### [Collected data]
# # # # # # #

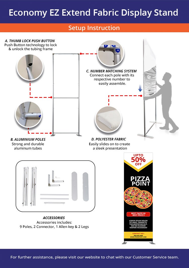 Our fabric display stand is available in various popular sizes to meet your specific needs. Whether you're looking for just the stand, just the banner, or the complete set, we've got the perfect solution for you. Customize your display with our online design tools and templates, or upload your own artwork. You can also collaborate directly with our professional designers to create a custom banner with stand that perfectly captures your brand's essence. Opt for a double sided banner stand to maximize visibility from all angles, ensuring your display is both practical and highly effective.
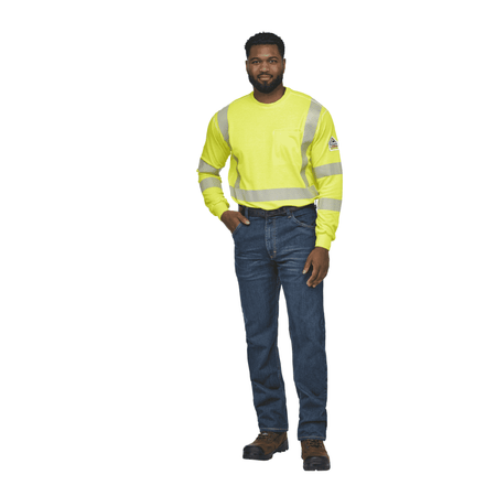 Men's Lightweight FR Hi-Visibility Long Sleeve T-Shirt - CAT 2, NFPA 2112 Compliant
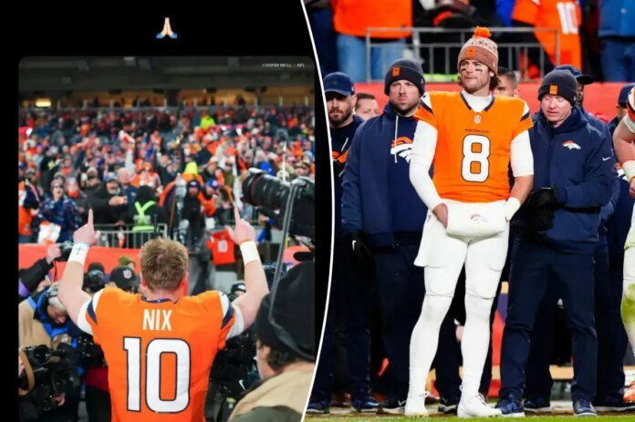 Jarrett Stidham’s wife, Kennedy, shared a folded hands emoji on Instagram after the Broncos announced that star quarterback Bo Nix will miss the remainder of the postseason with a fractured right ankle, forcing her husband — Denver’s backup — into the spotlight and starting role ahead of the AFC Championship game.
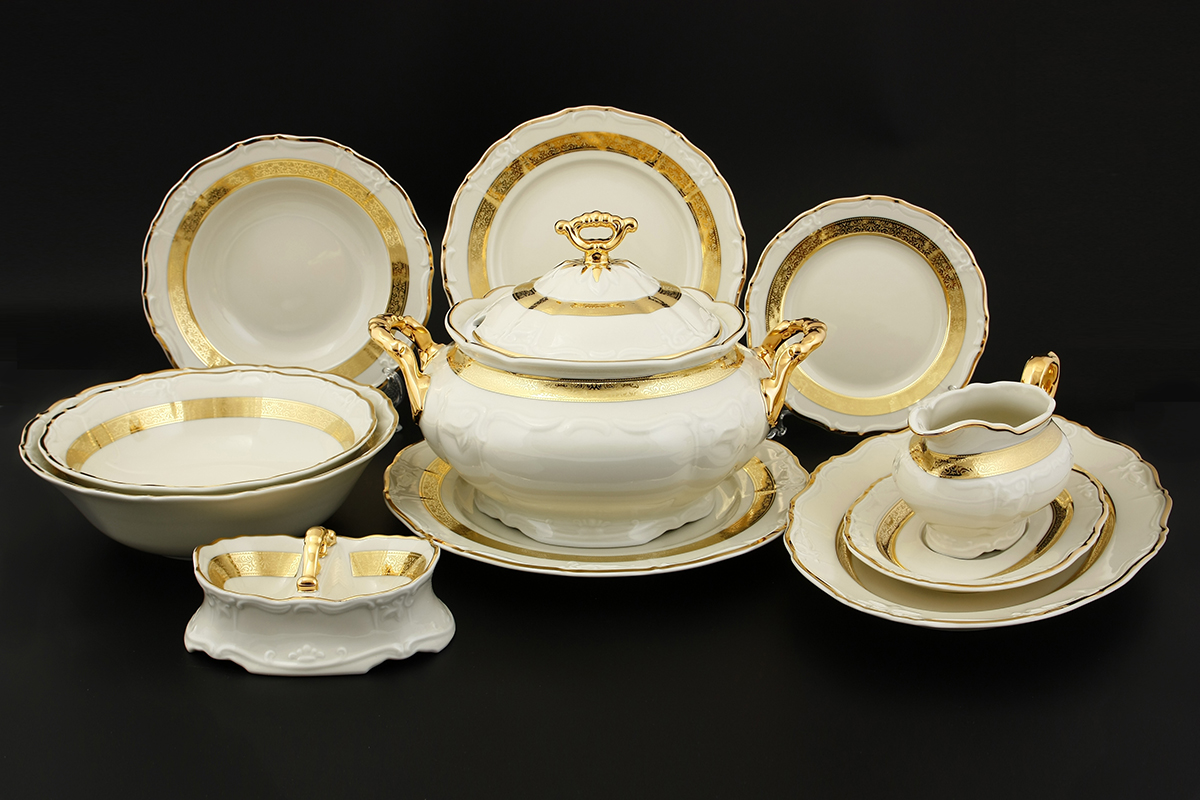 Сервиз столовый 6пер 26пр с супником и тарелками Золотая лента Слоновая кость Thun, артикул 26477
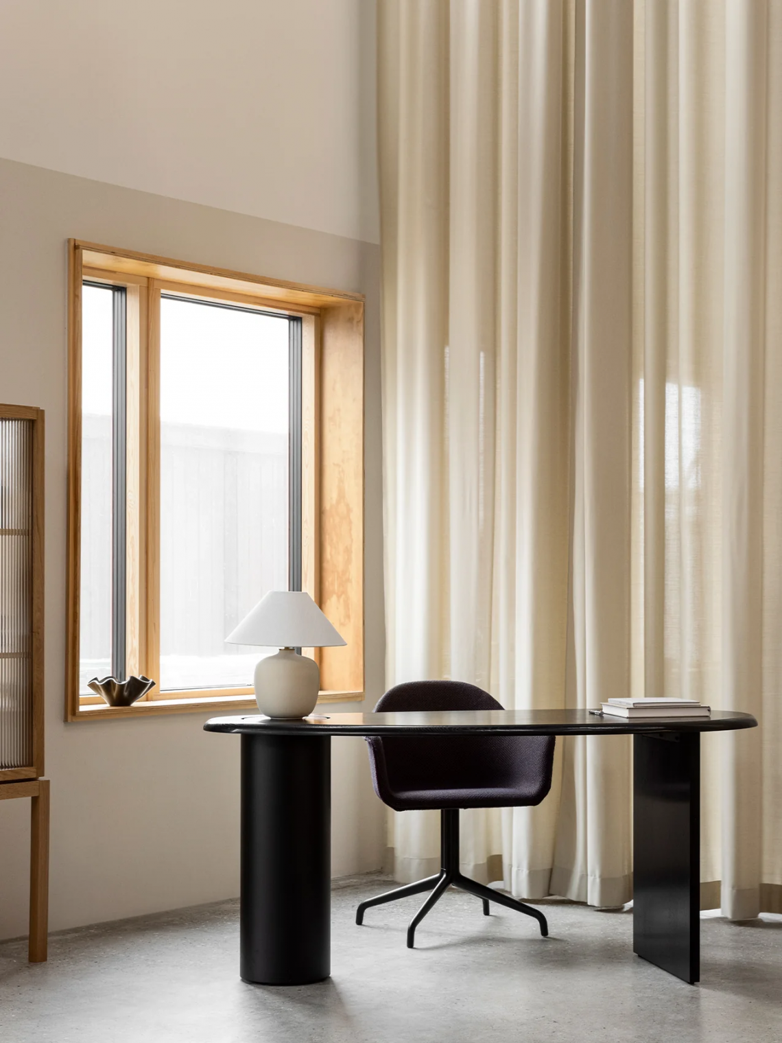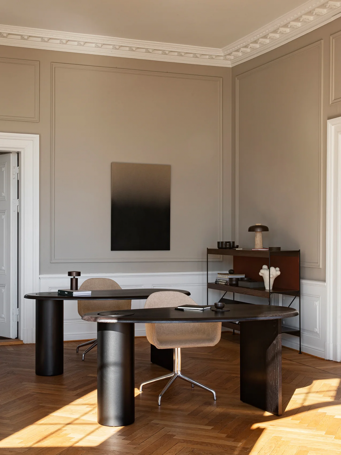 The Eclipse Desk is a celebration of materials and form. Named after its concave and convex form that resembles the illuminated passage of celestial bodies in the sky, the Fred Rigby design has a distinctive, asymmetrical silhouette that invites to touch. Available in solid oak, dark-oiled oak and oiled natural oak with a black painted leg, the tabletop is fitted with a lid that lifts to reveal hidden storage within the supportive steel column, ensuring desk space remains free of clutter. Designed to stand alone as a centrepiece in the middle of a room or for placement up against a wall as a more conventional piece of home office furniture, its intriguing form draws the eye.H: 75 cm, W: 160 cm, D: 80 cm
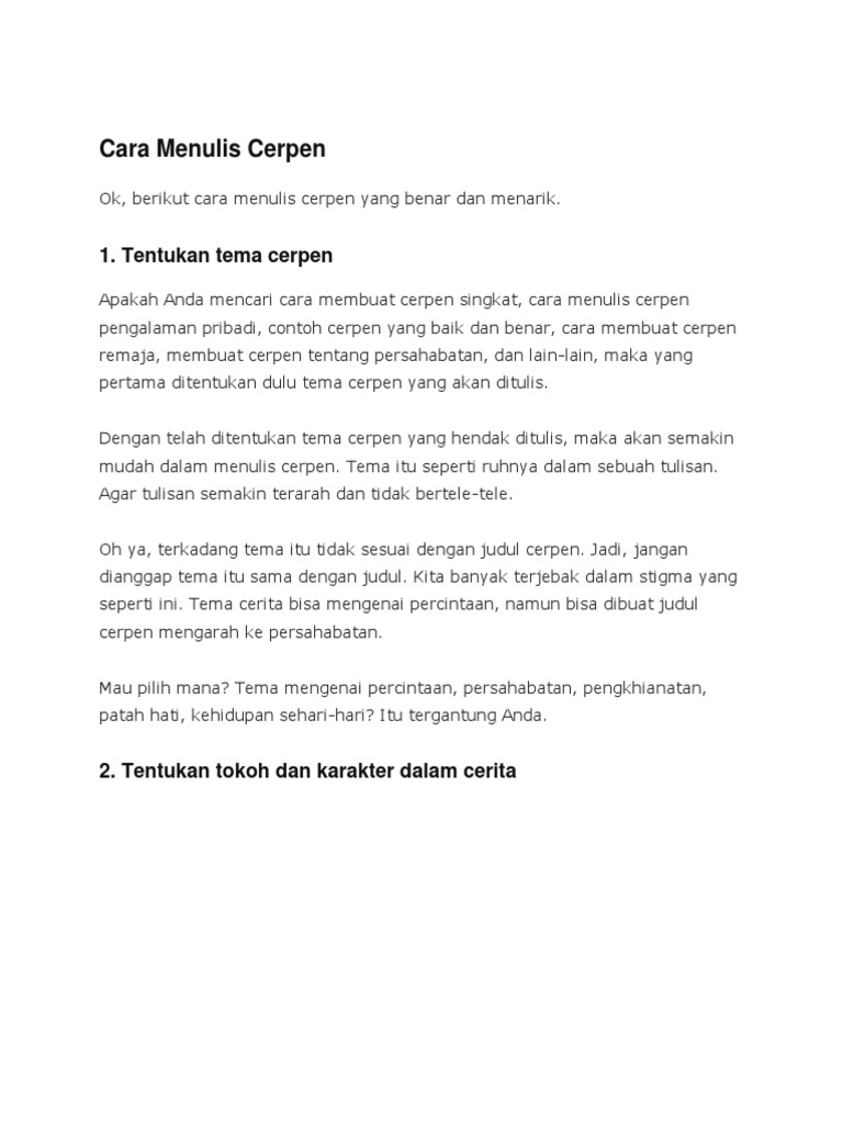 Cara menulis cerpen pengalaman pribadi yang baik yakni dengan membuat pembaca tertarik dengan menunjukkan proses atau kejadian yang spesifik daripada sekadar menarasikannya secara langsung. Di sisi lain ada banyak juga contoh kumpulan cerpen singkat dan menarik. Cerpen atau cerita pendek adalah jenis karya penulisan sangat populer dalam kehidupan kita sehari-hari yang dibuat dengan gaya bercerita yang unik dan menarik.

# # # # # # #

### [WHAT TO DO]
Your response must restate every record above exactly, with each picture omitted.

### [SOLUTION TO THE PROBLEM]
 Our fabric display stand is available in various popular sizes to meet your specific needs. Whether you're looking for just the stand, just the banner, or the complete set, we've got the perfect solution for you. Customize your display with our online design tools and templates, or upload your own artwork. You can also collaborate directly with our professional designers to create a custom banner with stand that perfectly captures your brand's essence. Opt for a double sided banner stand to maximize visibility from all angles, ensuring your display is both practical and highly effective.
 Men's Lightweight FR Hi-Visibility Long Sleeve T-Shirt - CAT 2, NFPA 2112 Compliant
 Jarrett Stidham’s wife, Kennedy, shared a folded hands emoji on Instagram after the Broncos announced that star quarterback Bo Nix will miss the remainder of the postseason with a fractured right ankle, forcing her husband — Denver’s backup — into the spotlight and starting role ahead of the AFC Championship game.
 Сервиз столовый 6пер 26пр с супником и тарелками Золотая лента Слоновая кость Thun, артикул 26477
 The Eclipse Desk is a celebration of materials and form. Named after its concave and convex form that resembles the illuminated passage of celestial bodies in the sky, the Fred Rigby design has a distinctive, asymmetrical silhouette that invites to touch. Available in solid oak, dark-oiled oak and oiled natural oak with a black painted leg, the tabletop is fitted with a lid that lifts to reveal hidden storage within the supportive steel column, ensuring desk space remains free of clutter. Designed to stand alone as a centrepiece in the middle of a room or for placement up against a wall as a more conventional piece of home office furniture, its intriguing form draws the eye.H: 75 cm, W: 160 cm, D: 80 cm
 Cara menulis cerpen pengalaman pribadi yang baik yakni dengan membuat pembaca tertarik dengan menunjukkan proses atau kejadian yang spesifik daripada sekadar menarasikannya secara langsung. Di sisi lain ada banyak juga contoh kumpulan cerpen singkat dan menarik. Cerpen atau cerita pendek adalah jenis karya penulisan sangat populer dalam kehidupan kita sehari-hari yang dibuat dengan gaya bercerita yang unik dan menarik.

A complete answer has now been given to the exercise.